The while loop is a very standard way of re-evaluating the predicate, as required by POSIX.
The if is possible but rarely used. You just would have to be sure that the state of your application is as you come out of the wait. Usually you would have to ensure that you'd only use pthread_cond_signal at the other end (and not broadcast), e.g.
There are two reasons. One is spurious wakeups, as mentioned in other answers. The other is real wakeups. Imagine this:
You have two threads, A and B, blocked on the same condition variable that protects a queue, the queue is empty. Some thread puts a job on the queue, waking thread A. Another thread puts a job on the queue, waking thread B. Thread A starts running first, and does the first job. It gets back to the if and sees that the condition is still true (since there's a second job), so it does that job too. Now thread B gets the processor, returning from pthread_cond_wait, but the predicate is not false, since the queue is empty.
You only know that the predicate was true when some other thread asked that you be woken up. You have no way to know that it will still be true when you finally do get scheduled and are able to re-acquire the mutex.
I have encountered a problem while implementing wait and signal conditions on multiple threads.

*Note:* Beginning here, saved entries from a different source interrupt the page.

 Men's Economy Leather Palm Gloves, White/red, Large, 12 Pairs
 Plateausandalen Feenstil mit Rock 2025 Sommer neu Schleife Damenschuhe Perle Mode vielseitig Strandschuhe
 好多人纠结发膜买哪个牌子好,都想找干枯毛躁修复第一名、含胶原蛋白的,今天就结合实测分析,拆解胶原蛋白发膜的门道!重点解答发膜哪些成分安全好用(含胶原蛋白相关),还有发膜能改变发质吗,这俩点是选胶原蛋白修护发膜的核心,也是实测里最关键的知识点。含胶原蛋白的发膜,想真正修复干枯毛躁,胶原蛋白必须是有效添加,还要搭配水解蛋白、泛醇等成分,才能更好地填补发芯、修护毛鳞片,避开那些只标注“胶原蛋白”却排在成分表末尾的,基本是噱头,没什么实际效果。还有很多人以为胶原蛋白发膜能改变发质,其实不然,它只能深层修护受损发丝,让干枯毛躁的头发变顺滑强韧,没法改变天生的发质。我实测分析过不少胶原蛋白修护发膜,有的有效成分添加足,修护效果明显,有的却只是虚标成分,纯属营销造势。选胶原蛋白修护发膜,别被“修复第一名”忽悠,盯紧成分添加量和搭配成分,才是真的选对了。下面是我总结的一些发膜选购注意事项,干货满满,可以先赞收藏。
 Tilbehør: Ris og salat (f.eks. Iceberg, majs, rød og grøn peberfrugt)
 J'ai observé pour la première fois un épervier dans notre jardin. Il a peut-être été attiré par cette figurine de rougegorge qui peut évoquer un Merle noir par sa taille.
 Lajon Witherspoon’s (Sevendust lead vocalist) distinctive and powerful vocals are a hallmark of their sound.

A thread needs to lock a mutex and wait on a condition variable until some other thread signals it. In the meanwhile, another thread locks the same mutex and waits on the same condition variable. Now, the thread which is running concurrently throughout the process signals the condition variable but I want only the first thread that is waiting must be signalled and not the others.

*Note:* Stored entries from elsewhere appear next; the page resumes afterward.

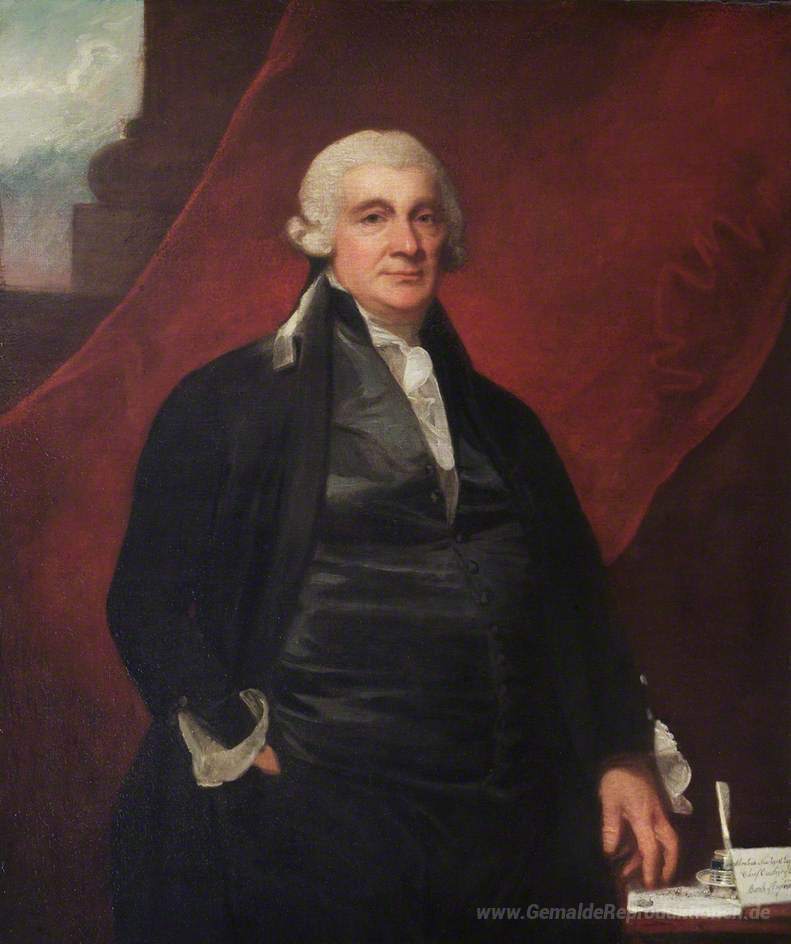 Wir bieten Ihnen eine handgefertigte Reproduktion auf Leinwand des berühmten Kunstwerks 'Abraham Newland (1730-1807), Vorsitzender der Kassierer der Bank' von George Romney, aus dem Reproduktionsmuseum.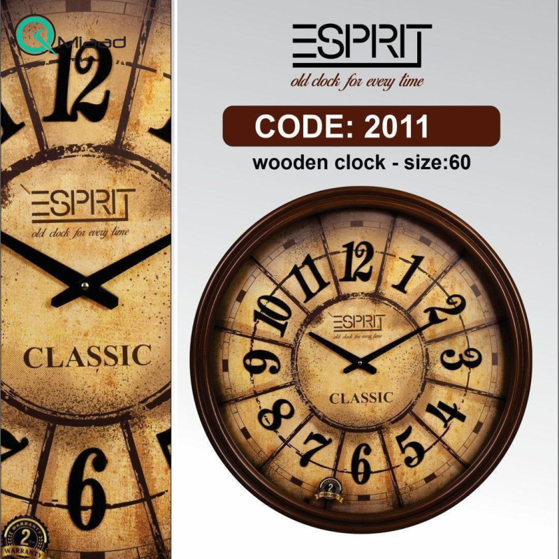 ساعت دیواری چوبی اسپریت مدل 2011، ساعت زیبا و کلاسیک با رنگ قهوه ای، دارای سه سایز، متریال چوب، دارای اعداد درشت لاتین، سایز 50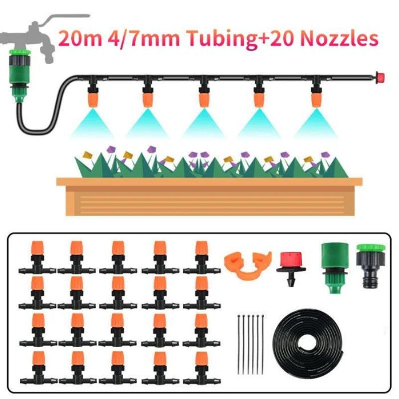 High-Quality Greenhouse Irrigation System: This drip irrigation system made of PP+POM material. No odor or poison and no effect on plant growth. The drip irrigation hose made of UV-resistant materials, unmatched resistance to chemicals, and it can be buried or put on the surface of the ground in any weather.

If two threads wait on the same condition variable, they must be prepared to handle the same conditions, or you must carefully construct your program so they are never waiting on the condition variable at the same time.

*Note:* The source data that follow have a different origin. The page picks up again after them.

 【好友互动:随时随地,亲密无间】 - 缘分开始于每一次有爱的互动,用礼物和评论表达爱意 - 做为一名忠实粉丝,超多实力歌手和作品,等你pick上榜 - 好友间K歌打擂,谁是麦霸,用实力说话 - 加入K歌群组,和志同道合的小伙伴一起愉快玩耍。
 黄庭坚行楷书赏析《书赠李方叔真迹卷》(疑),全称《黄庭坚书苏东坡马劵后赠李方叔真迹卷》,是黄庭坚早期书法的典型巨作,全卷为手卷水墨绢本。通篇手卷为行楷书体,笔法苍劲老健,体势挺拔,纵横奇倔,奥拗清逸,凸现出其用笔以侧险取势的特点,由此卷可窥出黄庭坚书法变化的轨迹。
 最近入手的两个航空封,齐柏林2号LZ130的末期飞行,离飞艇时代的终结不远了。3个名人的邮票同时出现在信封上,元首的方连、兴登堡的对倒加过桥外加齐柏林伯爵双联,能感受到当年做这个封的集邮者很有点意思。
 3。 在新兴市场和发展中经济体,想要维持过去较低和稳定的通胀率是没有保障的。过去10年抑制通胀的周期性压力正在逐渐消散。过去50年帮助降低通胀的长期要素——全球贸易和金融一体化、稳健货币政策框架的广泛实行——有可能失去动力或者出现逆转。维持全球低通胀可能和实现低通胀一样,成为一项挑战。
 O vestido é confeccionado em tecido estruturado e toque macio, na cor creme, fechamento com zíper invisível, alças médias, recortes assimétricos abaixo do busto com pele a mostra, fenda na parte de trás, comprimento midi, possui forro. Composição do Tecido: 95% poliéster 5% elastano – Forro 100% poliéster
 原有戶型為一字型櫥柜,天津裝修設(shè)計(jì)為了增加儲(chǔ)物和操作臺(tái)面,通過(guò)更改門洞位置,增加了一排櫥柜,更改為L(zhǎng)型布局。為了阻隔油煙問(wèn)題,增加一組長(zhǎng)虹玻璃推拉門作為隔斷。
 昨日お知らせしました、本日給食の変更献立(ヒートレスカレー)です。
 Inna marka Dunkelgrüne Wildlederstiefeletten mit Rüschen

Why does this notification have to be handled by the first thread and not the second?
You may be better off with two separate condition variables.
Use pthread_cond_signal() to wake up one of the threads.
However, more than one might be awoken; this is termed spurious wakeup. You need a variable to track your application state, as described in the manual page linked above.
Your requirement is impossible. You say "... I want only the first thread that is waiting must be signalled and not the others." But condition variables never, ever provide any way to ensure a thread isn't signaled. So if you have a requirement that a thread must not be signaled, you cannot use condition variables.
You must always use a condition variable like this:
while(NotSupposedToRun)
pthread_cond_wait(...);
So if the thread wakes up when it's not supposed to, the while is still false and the thread just goes back to sleep. This is mandatory because POSIX does not ever provide any guarantee that a thread won't be woken. An implementation is perfectly free to implement pthread_cond_signal as a call to pthread_cond_broadcast and unblock all threads on every signal if it wants to.
Because condition variables are stateless, the implementation never knows whether a thread is supposed to be woken or not for sure. It is your job to call pthread_cond_wait always, and only, when a thread should not be running.
See
http://en.wikipedia.org/wiki/Spurious_wakeup
for more details.
If you cannot precisely specify the wakeup conditions for each thread in a while loop like the one above, you should not be using condition variables.